In one particular area of our life, we started seeing God's work and things were falling into place. Looking back, I feel that we were very obedient in listening to His calling. Fast forward about 9-10 months and we are miserable in that area. (I know I'm being vague here. I'm sorry. But just to ease your mind.....we are great with each other. As in, there are no marital problems between us. Oh, and we are NOT trying to get pregnant)
We are feeling extremely tested right now. And we are frustrated too. The last few weeks we have talked to each other and expressed our frustrations and are left questioning and wondering why things happen the way they do sometimes? I know that God doesn't promise a perfect life but when you ask for His will and you follow what you feel are His prompts......and you still end up unhappy and unsettled then it can be quite frustrating.
I'll be honest. I've had a few conversations with God and I've expressed my frustrations to Him. (over the years my faith has grown enough to understand that all my talks with God don't have to be uplifting and full of praise.
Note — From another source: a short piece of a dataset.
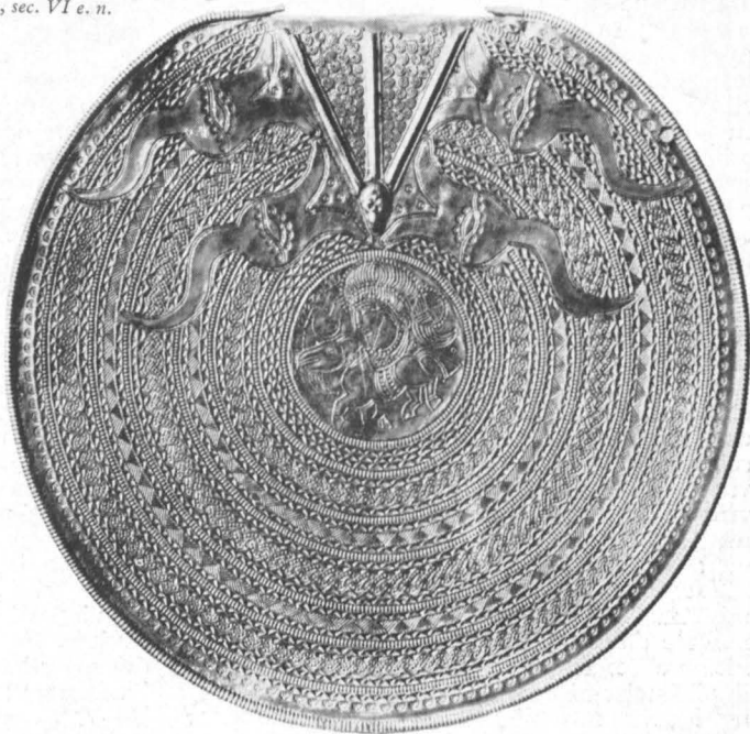
Aplică de curea de bronz aurit, Vendel, Uppland, sec. VII e. n.

He wants to know my hurt too) I've asked Him why? I've asked Him what exactly is it that He's trying to teach us right now? Have I not learned enough the last 2 years? Even though I know that Jason's death doesn't give me immunity from trials or pain......come on God.....can't you cut this girl some slack?
Today I find myself in the thick of this trial. And the hard part is that we don't see an answer just yet. And the really stinky part is that this seems to be spilling over into other areas of life and making life just blah right now.
The last few weeks, I've been pondering the verse in Romans- "Not only so, but we also rejoice in our sufferings, because we know that suffering produces perseverance; perseverance, character; and character, hope. And hope does not disappoint us, because God has poured out his love into our hearts by the Holy Spirit whom he has given us."
I don't know about you, but sometimes it's hard to rejoice in my sufferings. And sometimes it's hard when we are praying but we feel that God isn't revealing. Anyone else been there? All I know is that God must really want me to be woman of character.....the last 2 years have been full of opportunities for me to grow in this area. :/
I appreciate prayers on our behalf right now. I know you don't have specifics but God knows the details. And he knows the outcome.....and I have to cling to that and remind myself that this entire situation is in His hands.